Seven episode season, watched over 3-4 days.

I was really excited for this as a big Coup/StBY fan, but I have to say this was a pretty deflating watch by the end.

Politically you are not ever going to find a more openly left-wing scripted show, period, at least not produced in America. That's cool and all, but by the midway point we literally have the Boots surrogate character explaining capitalist exploitation, the need for a movement of workers etc via actual presentations that stop the thing dead in its tracks. My guess is Boots felt like he had one shot at this massive platform and felt the need to be as explicit and didactic as possible.

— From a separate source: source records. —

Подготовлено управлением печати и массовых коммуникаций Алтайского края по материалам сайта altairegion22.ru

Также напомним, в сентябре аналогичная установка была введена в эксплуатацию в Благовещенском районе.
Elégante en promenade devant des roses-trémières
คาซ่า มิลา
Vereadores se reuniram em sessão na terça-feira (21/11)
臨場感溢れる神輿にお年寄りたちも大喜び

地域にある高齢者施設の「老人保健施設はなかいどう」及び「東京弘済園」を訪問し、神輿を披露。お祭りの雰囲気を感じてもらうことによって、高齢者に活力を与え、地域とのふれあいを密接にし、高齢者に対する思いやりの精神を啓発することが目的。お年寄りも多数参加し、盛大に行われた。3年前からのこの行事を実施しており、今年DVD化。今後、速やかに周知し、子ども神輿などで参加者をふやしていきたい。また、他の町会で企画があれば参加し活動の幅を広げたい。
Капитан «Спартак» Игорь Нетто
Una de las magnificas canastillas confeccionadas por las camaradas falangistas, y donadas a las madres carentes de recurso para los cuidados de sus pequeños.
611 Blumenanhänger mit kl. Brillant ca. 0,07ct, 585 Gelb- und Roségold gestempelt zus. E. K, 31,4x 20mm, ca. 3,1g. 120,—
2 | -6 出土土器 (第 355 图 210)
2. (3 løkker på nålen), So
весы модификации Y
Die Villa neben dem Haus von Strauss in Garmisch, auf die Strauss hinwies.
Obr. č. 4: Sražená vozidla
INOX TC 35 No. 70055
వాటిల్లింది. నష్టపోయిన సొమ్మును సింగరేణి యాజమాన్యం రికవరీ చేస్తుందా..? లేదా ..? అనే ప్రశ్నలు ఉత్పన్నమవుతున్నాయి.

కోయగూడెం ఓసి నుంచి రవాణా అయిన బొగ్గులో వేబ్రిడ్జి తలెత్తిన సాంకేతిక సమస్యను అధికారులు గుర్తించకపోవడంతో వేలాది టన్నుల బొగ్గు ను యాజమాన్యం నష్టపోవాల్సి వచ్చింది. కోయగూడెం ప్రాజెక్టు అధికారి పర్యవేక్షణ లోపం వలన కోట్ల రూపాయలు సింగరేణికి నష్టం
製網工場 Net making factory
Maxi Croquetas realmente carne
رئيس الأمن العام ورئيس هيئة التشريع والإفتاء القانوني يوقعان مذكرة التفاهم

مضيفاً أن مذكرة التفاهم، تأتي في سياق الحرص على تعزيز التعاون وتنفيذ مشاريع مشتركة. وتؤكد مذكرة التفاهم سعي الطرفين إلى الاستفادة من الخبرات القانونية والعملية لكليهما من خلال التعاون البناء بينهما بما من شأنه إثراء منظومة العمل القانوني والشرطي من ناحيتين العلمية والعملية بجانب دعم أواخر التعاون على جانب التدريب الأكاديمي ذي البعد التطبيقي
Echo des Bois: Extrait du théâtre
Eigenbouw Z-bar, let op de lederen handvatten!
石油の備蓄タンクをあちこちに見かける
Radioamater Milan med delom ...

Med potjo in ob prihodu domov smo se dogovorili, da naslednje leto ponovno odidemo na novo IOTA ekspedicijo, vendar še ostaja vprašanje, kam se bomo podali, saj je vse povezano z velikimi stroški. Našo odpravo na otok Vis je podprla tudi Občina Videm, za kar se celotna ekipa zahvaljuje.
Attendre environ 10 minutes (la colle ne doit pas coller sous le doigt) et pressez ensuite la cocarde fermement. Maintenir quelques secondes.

I won't drill into it all here but so many plot elements and little beats feel like prescriptive messages aimed at the predominantly young male audience that will end up watching...at times it drifts into outright edutainment

And some of you will say that's a good thing, and I the fairly online leftist is not the target audience....but hoo lord I have to imagine that anyone who is not already onboard with Boots' vision of a world where (spoiler alert)

spoiler

superpowered fascists can be defeated with a single Marxist slideshow

is gonna turn this off fast.

The jolts of humanity (mostly via the performances which are great across the board) and occasional amazing bits of surreal humor got me to the end (I will say there is one sequence in the last episode that justifies my viewing time) but yeah, real letdown for me personally. I really thought StBY nailed the mix of elements whereas here I just felt pandered and preached to... Hope it works better for yalls, big love to boots if you're reading :/

  • FunkyStuff [he/him]
    ·
    1 year ago

    I don't think that the lecture bits are bad at all, they are so well presented and performed that I think anyone could find them interesting. In fact, I think they're less interesting to us because we already know what they're gonna say.

    The first one (well besides the really short one when they're smoking and talking about relationships) was really good because it springboarded off of several emotional points in the episode, which were IMO the show's highlights. So the viewer is already primed to sit down and hear an explanation for the violence that the characters are facing, which of course mirrors the violence the working class faces. I was tearing up before the speech, I'd imagine a pretty significant number of viewers would be emotionally affected too, and hearing a materialist explanation for why this violence occurs is most effective at that moment when we can relate it to experiences in the real world.

    The second one I think also works well because of the drama of the hero's character, his internal conflicts and his contradictory nature. He's an idealist that just wants to justify his power to himself by punishing criminals. The show had illustrated that he had put up a ton of defense mechanisms to prevent the cognitive dissonance of doing harm to do "good" from catching up to him, so seeing him disarmed and shown exactly why he's ineffective is some primo schadenfreude slop.